5. EQUALITY
Discrimination is endemic in Further and Higher Education. As a union, we tend to deal with inequality on an individualised, case-by-case basis, with little scope for national collective bargaining. Casework takes an enormous amount of labour – emotional and physical – from dedicated branch representatives. Again, the way forward lies in proper, systematic, national coordination of branches’ current efforts to address the issue.
5.1 Nationally coordinated casework
At present, UCU has no central hub for equality-related casework data, and no in-house legal team to deal with these issues in a specialised way. As General Secretary I will create positions for specialist, full-time equality casework officials. These officials will collate information, identify emerging trends and patterns of discrimination, target potentially high-profile cases for special assistance, and work towards precedent-setting legal challenges and broad-based agreements with employers. When, for example, there is a spike in the use of performance management to dismiss members with disabilities, or in the use of Non-Disclosure Agreements to silence victims of bullying, sexual harassment, or racial discrimination, our equality specialists will be ready to bring the problem to the attention of the national equality committees, helping them to publicise it more widely and feed it back into our national and regional casework training and campaigning. This will be a valuable mechanism for naming and shaming the worst employers, and amplifying and celebrating our best casework successes.

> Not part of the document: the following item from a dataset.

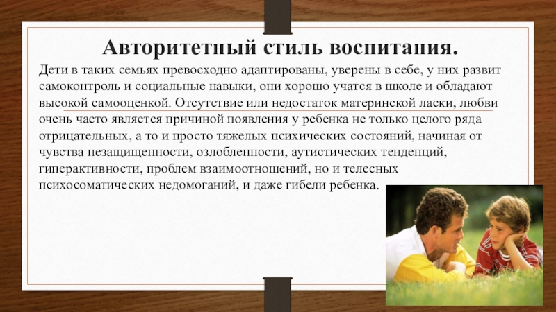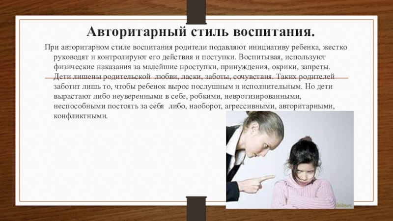 При авторитарном стиле воспитания родители подавляют инициативу ребенка, жестко руководят и контролируют его действия и поступки. Воспитывая, используют физические наказания за малейшие проступки, принуждения, окрики, запреты. Дети лишены родительской любви, ласки, заботы, сочувствия. Таких родителей заботит лишь то, чтобы ребенок вырос послушным и исполнительным. Но дети вырастают либо неуверенными в себе, робкими, невротизированными, неспособными постоять за себя либо, наоборот, агрессивными, авторитарными, конфликтными.

5.2 National bargaining on non-pay equality issues
UCU has not successfully negotiated with employers on a national level over issues that are unrelated to pay. At at the heart of any trade union struggle is a fight for equality: issues like sexual harassment and transgender rights, and maternity and paternity rights. In both FE and HE, the national bargaining frameworks should be expanded to include these things. UCU should be demanding not only an improvement to the pay spine, a plan to close the ethnicity pay gap, or a reduction in casual contracts: we should be calling for and working towards a national collective labour agreement that recognises how different forms of material deprivation and discrimination intersect with and compound one another, and aim for a comprehensive solution. When UCU next goes on strike over pay, this should be a mandatory additional requirement if employers want to bring us back to the negotiating table.